__Given information__:
------------------------
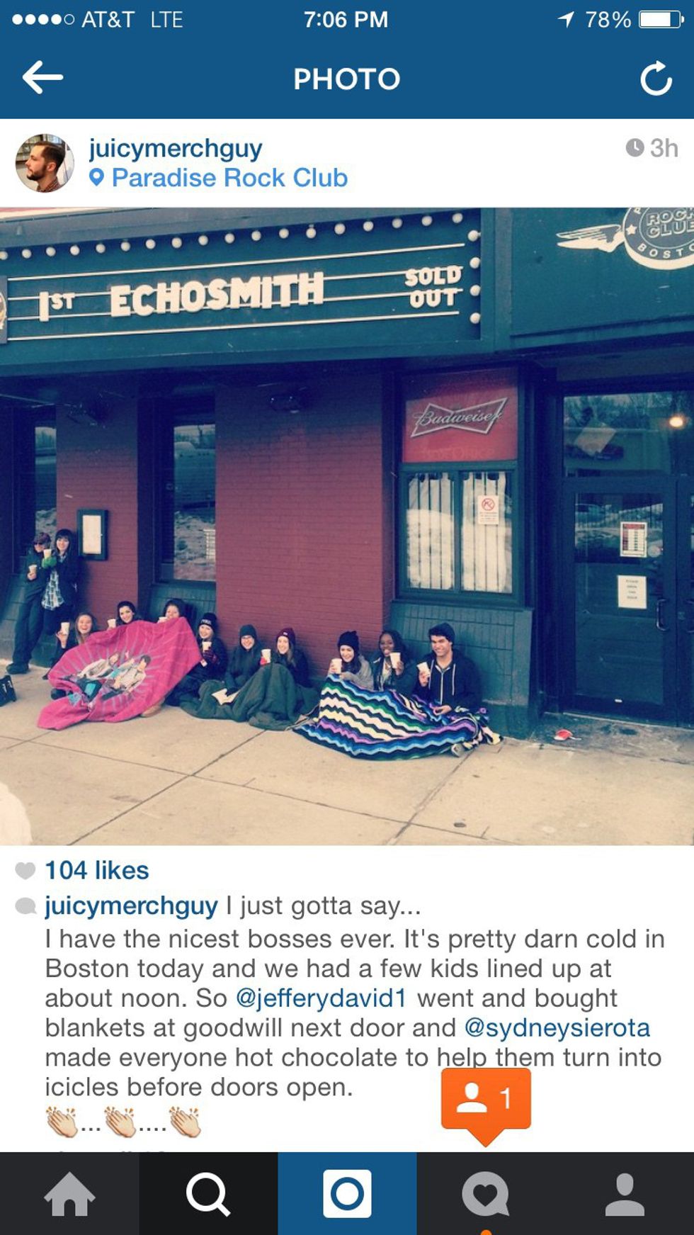This is probably one of my favorite concert memories and it wasn't even during the concert. My friend and I saw Echosmith in early March of 2015. 2015 had been a terrible winter for Boston with record-breaking snow totals. By March there was still significant snow on the ground, but I was sick of it and just wanted to pretend it was spring. We got to the venue around 1 p.m. because Echosmith would do a free meet and greet for the first 20 people in line and we wanted to be sure we were two of those 20 people. Turns out we were probably 6th and 7th in line and the line didn't get to 20 for another 3 hours. So there we were waiting in line for five to six hours before the doors opened and it was COLD. We were wearing jackets and gloves but warm clothes can only do so much when you're out in the cold for an extended period of time. Echosmith's merch guy (Dylan) saw the few of us sitting on the cold ground and he had no idea how we were surviving since the band is from California. Dylan and Echosmith's manager/dad (the members of Echosmith are all siblings) decided to go to the Good Will next to the venue and buy blankets for us. The one my friend and I got was a Camp Rock blanket with the Jonas Brothers on it; it was amazing. We couldn't get over how thoughtful they were to go out and buy some blankets for us freezing fans. Then a few hours later, Sydney, the singer of Echosmith, came out of the tour bus and brought us some hot chocolate that she made! I will never forget that the singer of one of my favorite bands made me hot chocolate. She even made lactose free hot chocolate in case anyone in line was lactose intolerant. It was so cute! The concert that night was absolutely amazing but I think I will remember my line experience more than anything.
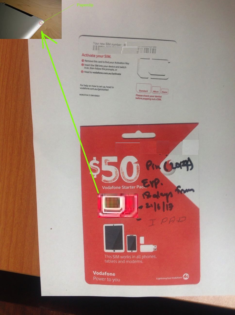 - pull out the Sim card (with its cardboard backing in place)
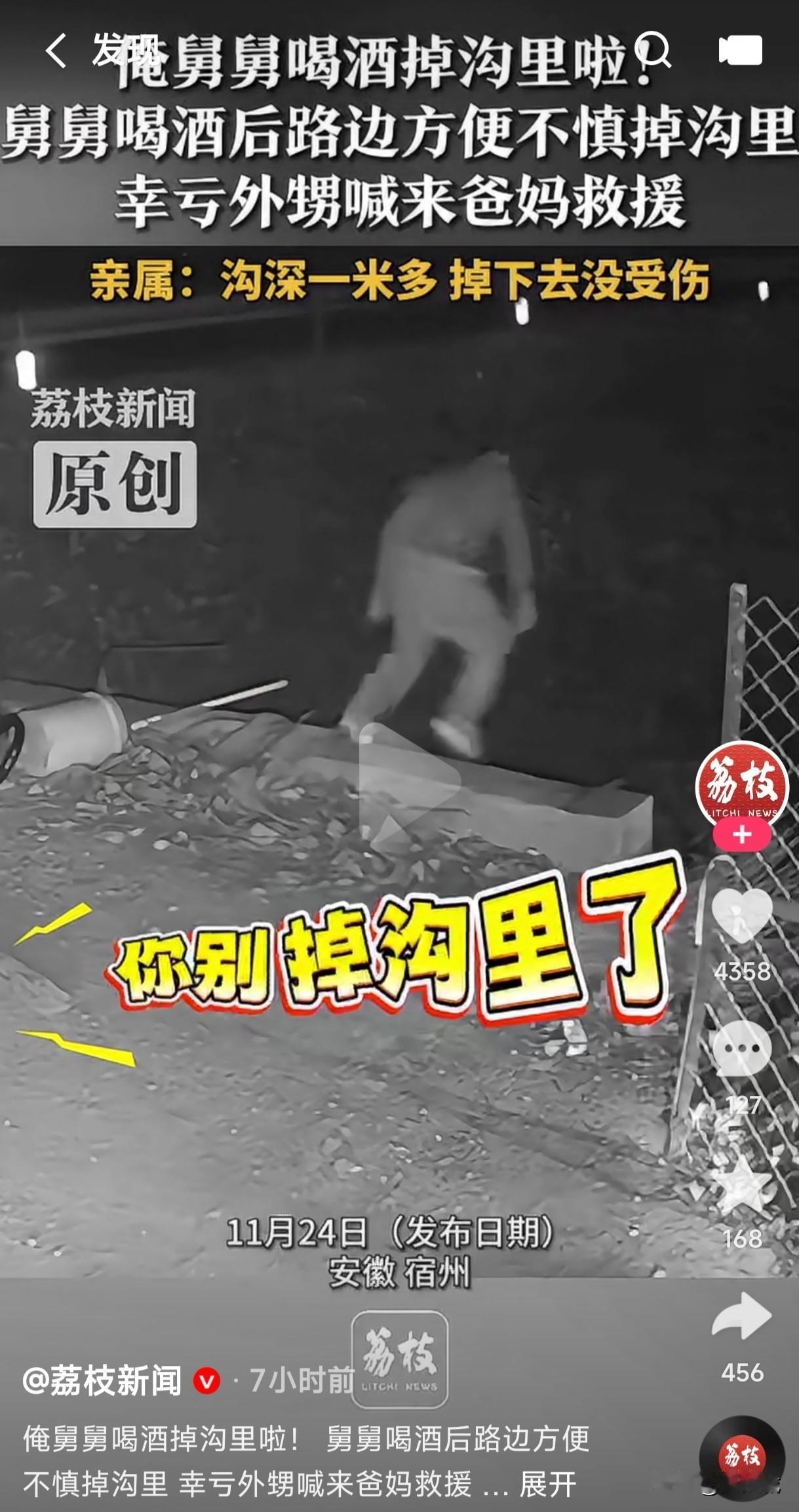 舅舅喝多后去路边方便,外甥紧跟其后说舅舅小心点不要掉沟里去了,外甥话音刚落舅舅就掉到了沟里,外甥又去喊爸妈来救援。 不知这舅舅是真喝多了,还是他故意不听外甥劝,外甥给他说小心点,小心点不要掉沟里去了,结果外甥话音刚落他就扑通一下掉进了沟里,外甥又着急的边喊父母边说俺舅掉沟里了,俺舅掉沟里了,幸亏这沟不深,这要是深点的话,那不得又摔的不轻。 老话说,不听老人言吃亏在眼前,这舅舅是酒后不听外甥劝,掉进沟里找救援,不知道这孩子舅舅救上来,以后还听不听他外甥的劝?
------------------------
__What this task involves__:
Find the line containing "- pull out the" in the listing above. Please restate word for word that line through the last one, leaving out the pictures.

__Answer space__:
 - pull out the Sim card (with its cardboard backing in place)
 舅舅喝多后去路边方便,外甥紧跟其后说舅舅小心点不要掉沟里去了,外甥话音刚落舅舅就掉到了沟里,外甥又去喊爸妈来救援。 不知这舅舅是真喝多了,还是他故意不听外甥劝,外甥给他说小心点,小心点不要掉沟里去了,结果外甥话音刚落他就扑通一下掉进了沟里,外甥又着急的边喊父母边说俺舅掉沟里了,俺舅掉沟里了,幸亏这沟不深,这要是深点的话,那不得又摔的不轻。 老话说,不听老人言吃亏在眼前,这舅舅是酒后不听外甥劝,掉进沟里找救援,不知道这孩子舅舅救上来,以后还听不听他外甥的劝?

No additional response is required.